> **TASK INSTRUCTIONS**
Transcribe the entries that follow, every word as written, and drop the pictures.

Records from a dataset
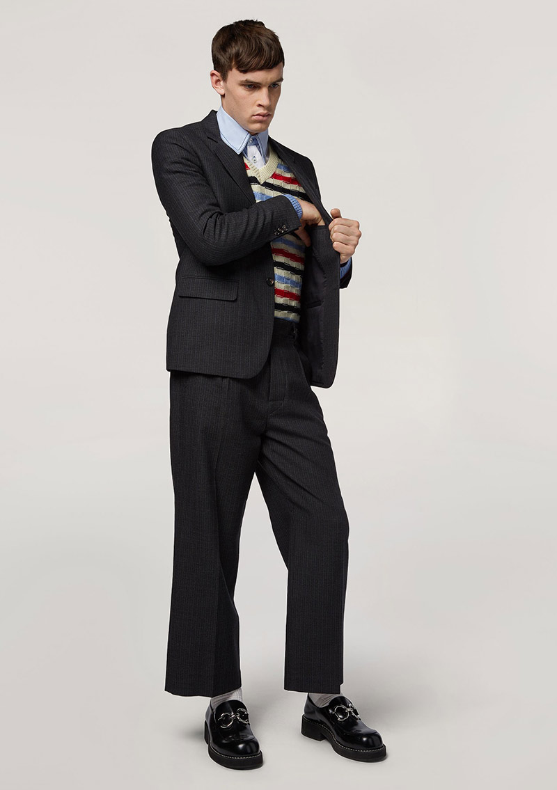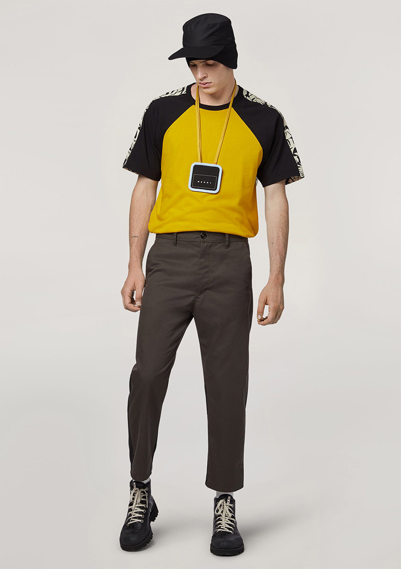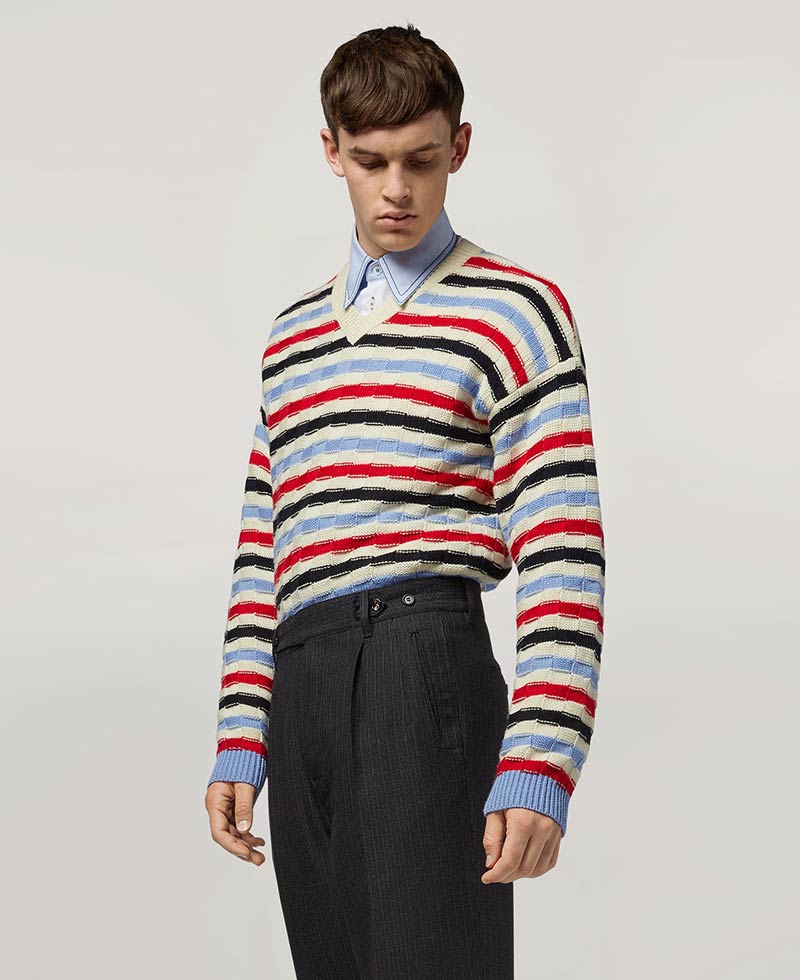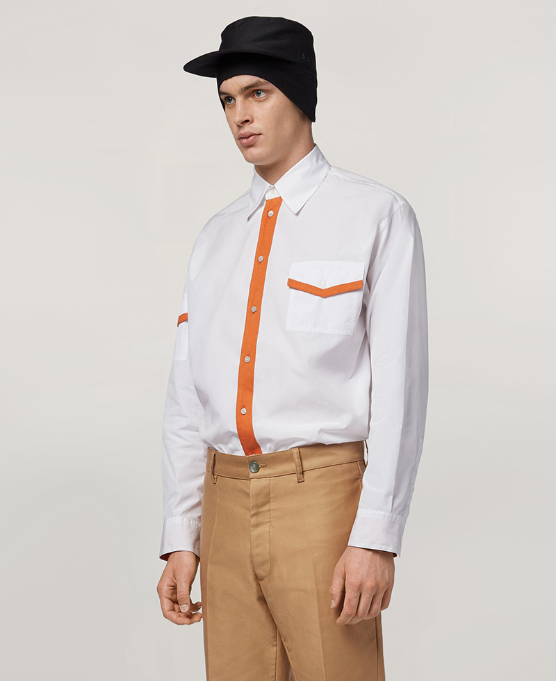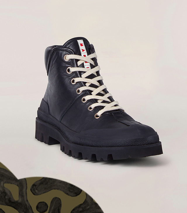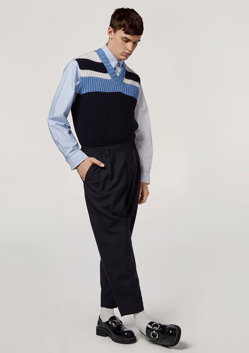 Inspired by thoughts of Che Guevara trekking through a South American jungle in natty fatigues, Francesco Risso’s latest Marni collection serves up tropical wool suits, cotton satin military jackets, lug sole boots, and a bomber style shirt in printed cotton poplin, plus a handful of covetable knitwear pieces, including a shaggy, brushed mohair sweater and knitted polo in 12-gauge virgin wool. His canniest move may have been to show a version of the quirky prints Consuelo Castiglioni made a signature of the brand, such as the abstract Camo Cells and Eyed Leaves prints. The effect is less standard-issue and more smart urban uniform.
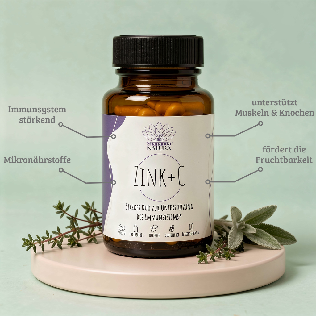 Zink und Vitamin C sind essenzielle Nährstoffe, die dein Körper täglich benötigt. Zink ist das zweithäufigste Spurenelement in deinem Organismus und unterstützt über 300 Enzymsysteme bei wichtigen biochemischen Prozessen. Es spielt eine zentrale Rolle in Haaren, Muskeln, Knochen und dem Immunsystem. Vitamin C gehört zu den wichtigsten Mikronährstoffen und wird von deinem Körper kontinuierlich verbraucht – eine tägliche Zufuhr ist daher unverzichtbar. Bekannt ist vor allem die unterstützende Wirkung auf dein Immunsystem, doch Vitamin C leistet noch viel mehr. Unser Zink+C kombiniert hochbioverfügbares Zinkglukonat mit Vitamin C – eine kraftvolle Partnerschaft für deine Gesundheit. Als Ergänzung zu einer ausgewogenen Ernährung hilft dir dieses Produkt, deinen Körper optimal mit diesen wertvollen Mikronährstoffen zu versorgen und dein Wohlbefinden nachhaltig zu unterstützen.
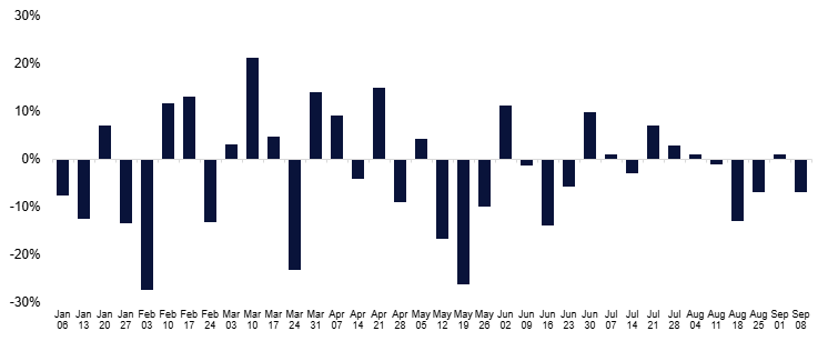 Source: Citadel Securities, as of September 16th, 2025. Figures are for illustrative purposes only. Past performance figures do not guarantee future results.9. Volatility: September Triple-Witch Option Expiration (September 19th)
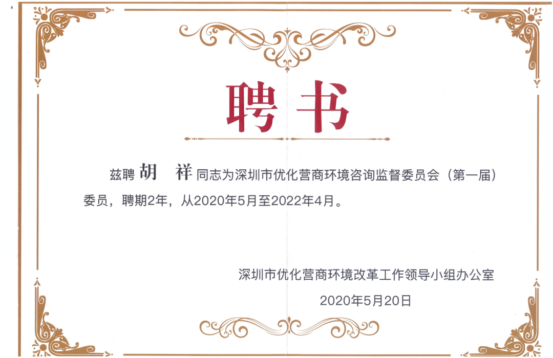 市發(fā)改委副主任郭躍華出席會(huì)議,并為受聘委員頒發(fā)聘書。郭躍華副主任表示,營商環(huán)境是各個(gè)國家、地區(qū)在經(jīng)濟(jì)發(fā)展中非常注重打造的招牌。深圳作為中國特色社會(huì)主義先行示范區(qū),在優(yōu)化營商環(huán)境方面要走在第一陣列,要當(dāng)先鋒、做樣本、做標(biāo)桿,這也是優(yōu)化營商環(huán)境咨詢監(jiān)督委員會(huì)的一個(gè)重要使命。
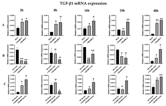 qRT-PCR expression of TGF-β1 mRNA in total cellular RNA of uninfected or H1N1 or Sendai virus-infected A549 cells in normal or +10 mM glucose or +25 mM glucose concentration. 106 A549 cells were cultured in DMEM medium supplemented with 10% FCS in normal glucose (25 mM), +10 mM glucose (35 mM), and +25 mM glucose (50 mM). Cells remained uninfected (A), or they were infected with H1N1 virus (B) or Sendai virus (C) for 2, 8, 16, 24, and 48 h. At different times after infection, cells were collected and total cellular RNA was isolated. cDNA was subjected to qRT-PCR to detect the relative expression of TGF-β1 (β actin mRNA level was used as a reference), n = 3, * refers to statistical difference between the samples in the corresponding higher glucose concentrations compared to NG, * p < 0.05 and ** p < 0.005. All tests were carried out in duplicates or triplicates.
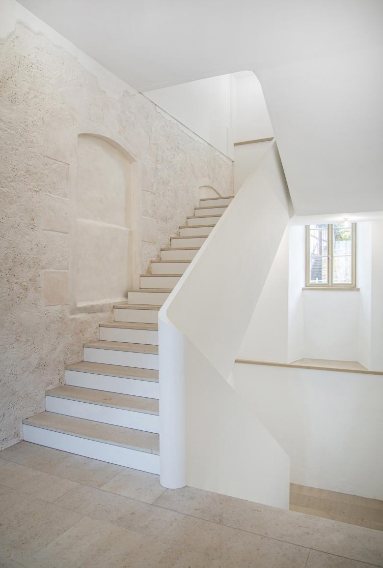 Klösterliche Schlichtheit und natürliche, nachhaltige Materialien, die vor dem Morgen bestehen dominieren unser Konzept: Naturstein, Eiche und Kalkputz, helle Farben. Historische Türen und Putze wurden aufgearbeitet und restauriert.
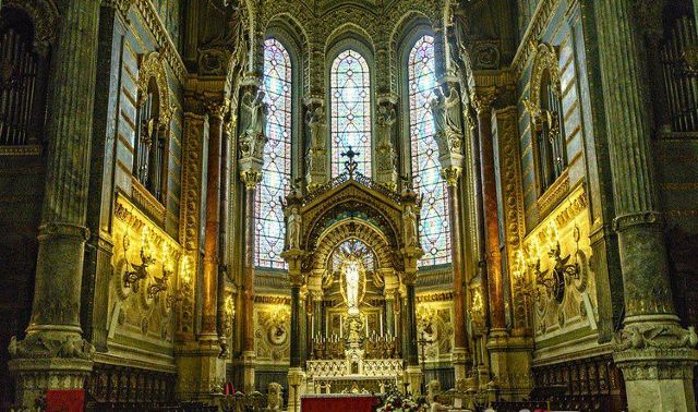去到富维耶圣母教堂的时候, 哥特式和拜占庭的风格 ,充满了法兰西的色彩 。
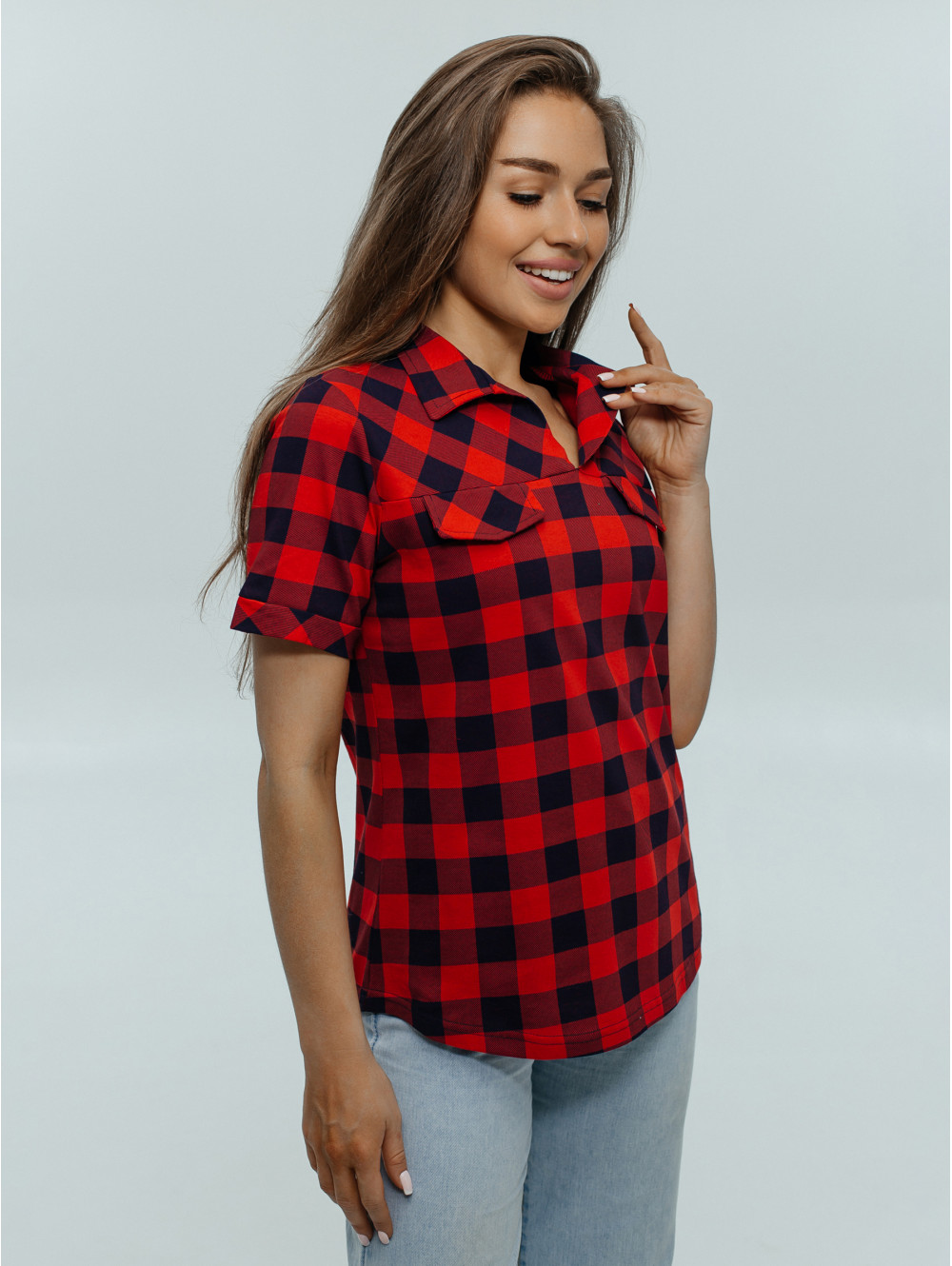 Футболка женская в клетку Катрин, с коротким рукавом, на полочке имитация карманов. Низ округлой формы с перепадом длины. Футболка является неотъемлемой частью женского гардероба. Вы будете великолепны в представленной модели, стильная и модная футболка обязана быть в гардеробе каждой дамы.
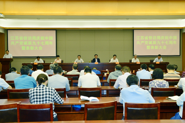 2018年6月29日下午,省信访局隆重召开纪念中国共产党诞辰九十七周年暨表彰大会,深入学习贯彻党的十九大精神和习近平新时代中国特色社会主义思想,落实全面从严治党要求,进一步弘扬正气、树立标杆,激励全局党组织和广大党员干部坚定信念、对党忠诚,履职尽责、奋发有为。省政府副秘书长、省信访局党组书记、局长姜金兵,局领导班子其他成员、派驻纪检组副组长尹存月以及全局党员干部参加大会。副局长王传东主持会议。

> **RESULT**
 Inspired by thoughts of Che Guevara trekking through a South American jungle in natty fatigues, Francesco Risso’s latest Marni collection serves up tropical wool suits, cotton satin military jackets, lug sole boots, and a bomber style shirt in printed cotton poplin, plus a handful of covetable knitwear pieces, including a shaggy, brushed mohair sweater and knitted polo in 12-gauge virgin wool. His canniest move may have been to show a version of the quirky prints Consuelo Castiglioni made a signature of the brand, such as the abstract Camo Cells and Eyed Leaves prints. The effect is less standard-issue and more smart urban uniform.
 Zink und Vitamin C sind essenzielle Nährstoffe, die dein Körper täglich benötigt. Zink ist das zweithäufigste Spurenelement in deinem Organismus und unterstützt über 300 Enzymsysteme bei wichtigen biochemischen Prozessen. Es spielt eine zentrale Rolle in Haaren, Muskeln, Knochen und dem Immunsystem. Vitamin C gehört zu den wichtigsten Mikronährstoffen und wird von deinem Körper kontinuierlich verbraucht – eine tägliche Zufuhr ist daher unverzichtbar. Bekannt ist vor allem die unterstützende Wirkung auf dein Immunsystem, doch Vitamin C leistet noch viel mehr. Unser Zink+C kombiniert hochbioverfügbares Zinkglukonat mit Vitamin C – eine kraftvolle Partnerschaft für deine Gesundheit. Als Ergänzung zu einer ausgewogenen Ernährung hilft dir dieses Produkt, deinen Körper optimal mit diesen wertvollen Mikronährstoffen zu versorgen und dein Wohlbefinden nachhaltig zu unterstützen.
 Source: Citadel Securities, as of September 16th, 2025. Figures are for illustrative purposes only. Past performance figures do not guarantee future results.9. Volatility: September Triple-Witch Option Expiration (September 19th)
 市發(fā)改委副主任郭躍華出席會(huì)議,并為受聘委員頒發(fā)聘書。郭躍華副主任表示,營商環(huán)境是各個(gè)國家、地區(qū)在經(jīng)濟(jì)發(fā)展中非常注重打造的招牌。深圳作為中國特色社會(huì)主義先行示范區(qū),在優(yōu)化營商環(huán)境方面要走在第一陣列,要當(dāng)先鋒、做樣本、做標(biāo)桿,這也是優(yōu)化營商環(huán)境咨詢監(jiān)督委員會(huì)的一個(gè)重要使命。
 qRT-PCR expression of TGF-β1 mRNA in total cellular RNA of uninfected or H1N1 or Sendai virus-infected A549 cells in normal or +10 mM glucose or +25 mM glucose concentration. 106 A549 cells were cultured in DMEM medium supplemented with 10% FCS in normal glucose (25 mM), +10 mM glucose (35 mM), and +25 mM glucose (50 mM). Cells remained uninfected (A), or they were infected with H1N1 virus (B) or Sendai virus (C) for 2, 8, 16, 24, and 48 h. At different times after infection, cells were collected and total cellular RNA was isolated. cDNA was subjected to qRT-PCR to detect the relative expression of TGF-β1 (β actin mRNA level was used as a reference), n = 3, * refers to statistical difference between the samples in the corresponding higher glucose concentrations compared to NG, * p < 0.05 and ** p < 0.005. All tests were carried out in duplicates or triplicates.
 Klösterliche Schlichtheit und natürliche, nachhaltige Materialien, die vor dem Morgen bestehen dominieren unser Konzept: Naturstein, Eiche und Kalkputz, helle Farben. Historische Türen und Putze wurden aufgearbeitet und restauriert.
去到富维耶圣母教堂的时候, 哥特式和拜占庭的风格 ,充满了法兰西的色彩 。
 Футболка женская в клетку Катрин, с коротким рукавом, на полочке имитация карманов. Низ округлой формы с перепадом длины. Футболка является неотъемлемой частью женского гардероба. Вы будете великолепны в представленной модели, стильная и модная футболка обязана быть в гардеробе каждой дамы.
 2018年6月29日下午,省信访局隆重召开纪念中国共产党诞辰九十七周年暨表彰大会,深入学习贯彻党的十九大精神和习近平新时代中国特色社会主义思想,落实全面从严治党要求,进一步弘扬正气、树立标杆,激励全局党组织和广大党员干部坚定信念、对党忠诚,履职尽责、奋发有为。省政府副秘书长、省信访局党组书记、局长姜金兵,局领导班子其他成员、派驻纪检组副组长尹存月以及全局党员干部参加大会。副局长王传东主持会议。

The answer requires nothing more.